The cardinal went on to express gratitude to Michael Deegan, the superintendent of schools in the archdiocese, and his staff; priests from Catholic high schools, some of whom joined him in concelebrating the Mass; members of religious orders; school presidents and principals; faculty members and staff; board members and benefactors; and most especially parents, grandparents and godparents, “without whom this enterprise could not go on.”

Addressing the graduates directly, Cardinal Dolan said what they all recognized—that their senior year has not been an ordinary one.

“In some ways, you might be a little down, or confused, or disappointed, because of the crisis through which the entire planet is going.”

Then the cardinal offered the students another perspective for their consideration.

“Something tells me this experience has been one of the best lessons from your Catholic high school education,” he said.

They have learned, the cardinal said, that “God is with us. If we put our trust in Him, put our confidence in Him, we are going to…come through this.”

The journey through the disappointments and setbacks of Covid-19 has also placed this year’s Catholic high school seniors on a different path, one that has taken them from Me to We to Thee, the cardinal said.

The students may initially have been tempted to say, “Oh, poor me. We don’t have everything we usually have,” the cardinal said.

But they learned that they do have what matters—their friends, their Catholic high school, their community and their Church.

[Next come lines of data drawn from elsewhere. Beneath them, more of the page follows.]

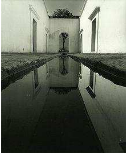
Centro fotográfico Álvarez Bravo en el Instituto de Artes Gráficas de Oaxaca.

Manuel Álvarez Bravo experimentó con la abstracción en su fotografía y formó su propio estilo en cuestión de los ritos y tradiciones mexicanas. El trabajo desde 1920 hasta su muerte en 1990, al igual que otros artistas del siglo XX que estaban preocupados con el equilibrio de las tendencias artísticas internacionales con la expresión de la gente y la cultura mexicana. Sus técnicas fotográficas estaban interesadas en transformar lo ordinario en fantástico. Desde finales de la década de 1930 a la de 1970, su fotografía desarrolló junto con nuevas tecnologías, como el color utilizando los mismo temas. En la década de 1970 experimentó con desnudos femeninos. 106
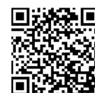
EasyControl pre iOS
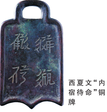
西夏文“内宿待命”铜牌

山西阳泉,是太行山中西部西麓一座迷人的小城,山河壮丽、历史悠久,几千年的历史沉淀留下了大量的历史文化瑰宝,拥有各级文物保护单位176处,其中全国重点文物保护单位11处。恰逢“五一”,走进山城阳泉,感受这片土地上文明的繁盛和文化的厚重。
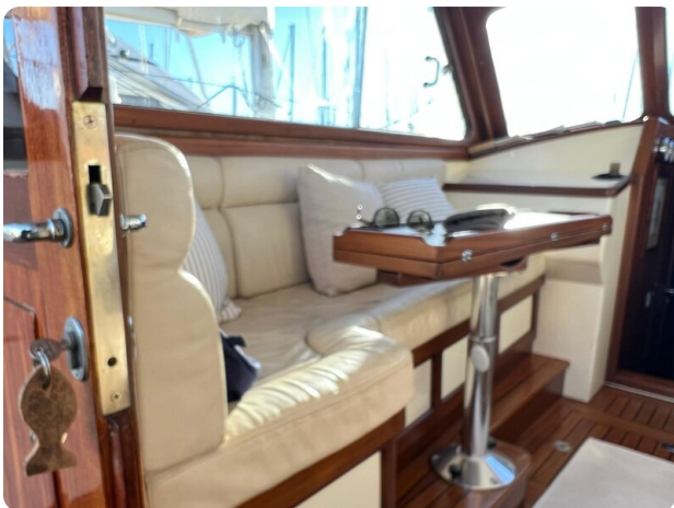
Liberty 35 dinette
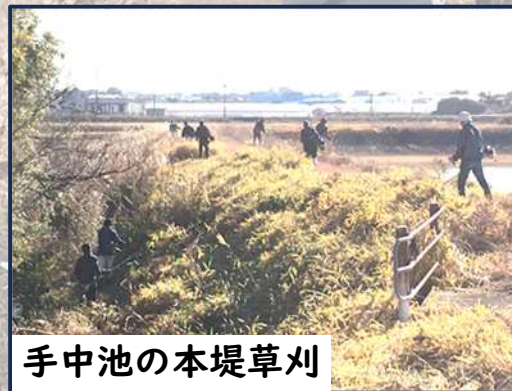
手中池の本堤草刈
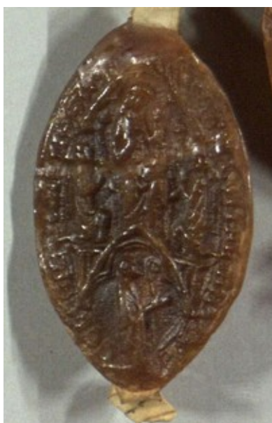
Obrázek 3, Strahov, opat Edmund, 1304, typ velká pečeť 3. 144
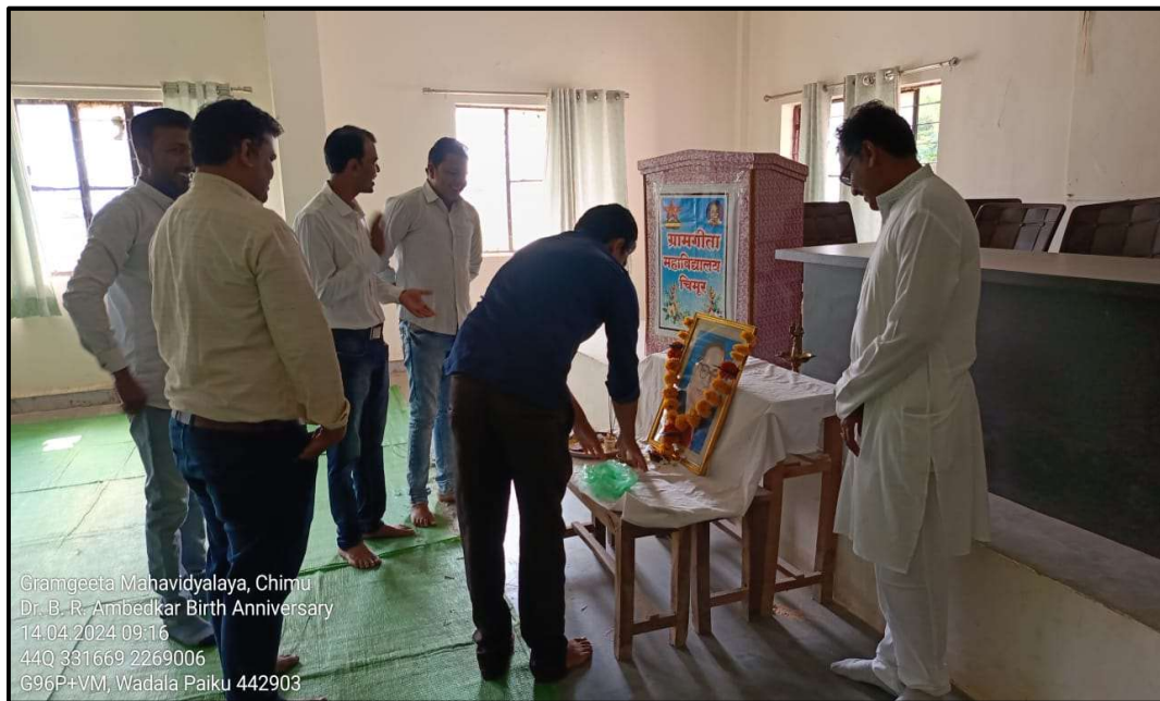
Dr. B. R. Ambedkar Birth Anniversary

On 14th April 2024, the Gramgeeta Mahavidyalaya, Chimur has celebrated the Birth Anniversary of Dr. Babasaheb Ambedkar and remembered his contribution for the nation. All the teaching and non-teaching staff were present during the event.

And that leads them to Thee, or Almighty God. “He is the one who is always with us. He keeps us together,” the cardinal reminded the students.

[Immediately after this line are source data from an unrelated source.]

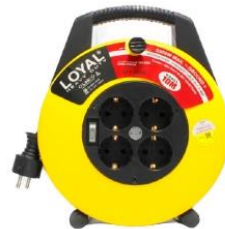
Gambar 2.7 Kabel rol
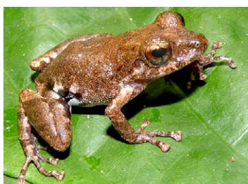
157 Pristimantis orcus STRABOMANTIDAE
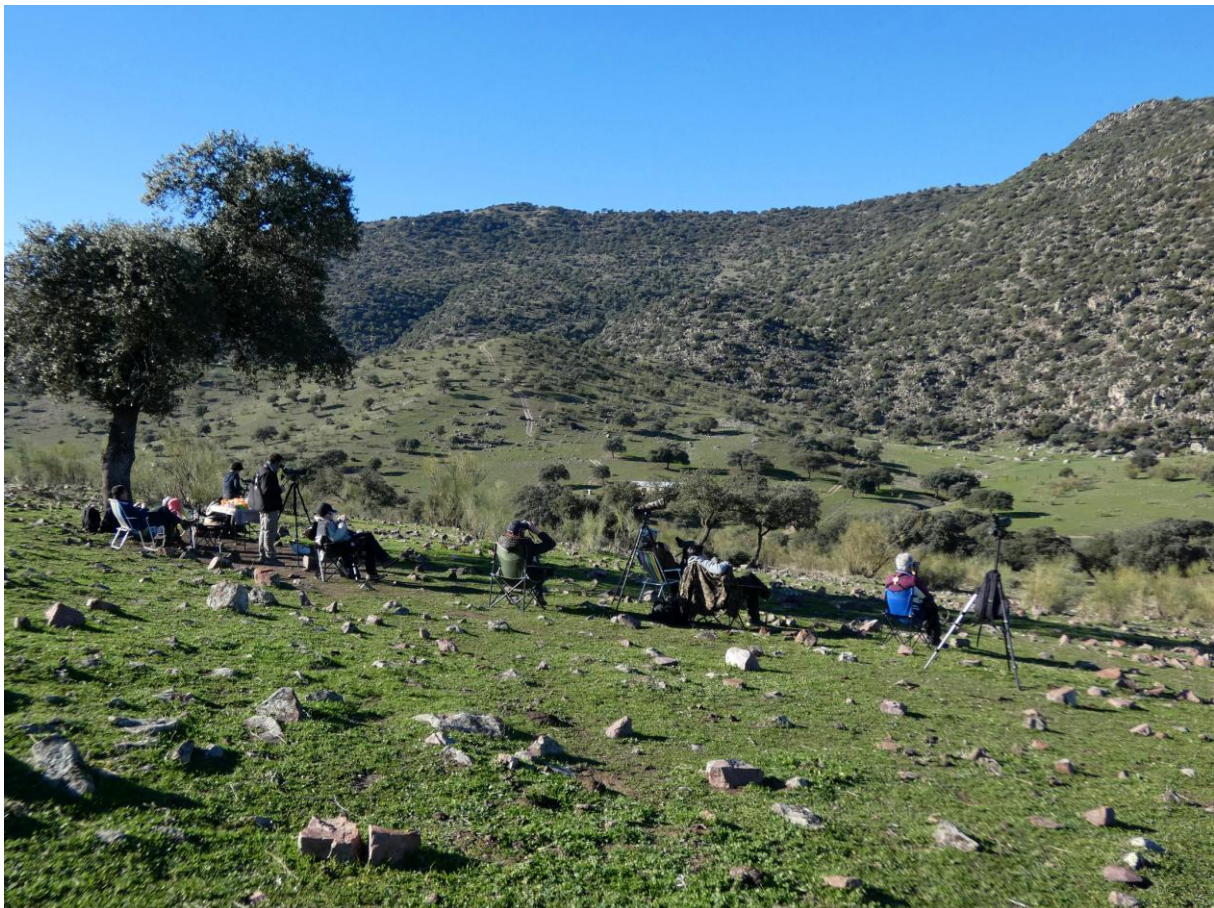
Zoeken en speuren in het zonnetje

Speaking to the seniors in the cathedral, “and to the 5,277 Catholic high school seniors graduating in the coming weeks,” Michael Deegan said the students were “not only part of your school community, but also a part of something so much larger than yourself…and that is the Church.”

“We hope you stay close not only to your high school, but also to your parish church and to God himself.”

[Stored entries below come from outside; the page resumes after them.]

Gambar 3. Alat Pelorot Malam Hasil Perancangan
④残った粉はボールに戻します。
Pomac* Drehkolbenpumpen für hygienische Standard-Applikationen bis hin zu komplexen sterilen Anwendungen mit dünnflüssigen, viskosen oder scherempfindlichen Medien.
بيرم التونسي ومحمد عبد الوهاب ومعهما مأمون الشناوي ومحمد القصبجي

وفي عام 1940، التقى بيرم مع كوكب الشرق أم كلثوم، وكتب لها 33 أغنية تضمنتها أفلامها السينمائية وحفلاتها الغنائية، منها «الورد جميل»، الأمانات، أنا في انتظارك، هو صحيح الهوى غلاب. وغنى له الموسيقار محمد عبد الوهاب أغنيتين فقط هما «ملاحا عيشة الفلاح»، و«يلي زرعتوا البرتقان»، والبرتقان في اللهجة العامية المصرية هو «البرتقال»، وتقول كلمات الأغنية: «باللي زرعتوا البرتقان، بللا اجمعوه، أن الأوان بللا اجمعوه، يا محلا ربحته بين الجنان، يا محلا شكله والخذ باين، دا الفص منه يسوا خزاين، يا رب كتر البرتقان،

The students heard from one of their own, Sarah Mastoros, a senior at Notre Dame Academy on Staten Island, who delivered words of gratitude on behalf of the Class of 2021 after Communion. (Other students served at the altar and did readings.)

“This past year has been very difficult for people in many ways,” she told her classmates. “The death of a loved one, the loss of a job and financial difficulties are just some of the problems Covid-19 forced people to face.”

“Through all of these hardships, having hope and taking solace in our Catholic faith have been the forces that bring people out of the darkness and into the Light,” Sarah said.

A Catholic school student since kindergarten, Sarah attended St. Teresa’s School and St. John Villa Academy before Notre Dame Academy.

Her three siblings are also Catholic school kids, and she thanked her parents for the sacrifices they have made to make that education possible.

“I am very proud to say I go to a Catholic high school in the Archdiocese of New York, and I hope to use the foundations of my education in my college years and beyond,” she said.

She concluded with thanks to her teachers, saying that she has been “inspired to study education” and looks forward to one day educating her own students “in the Catholic principles I have been very fortunate to learn.”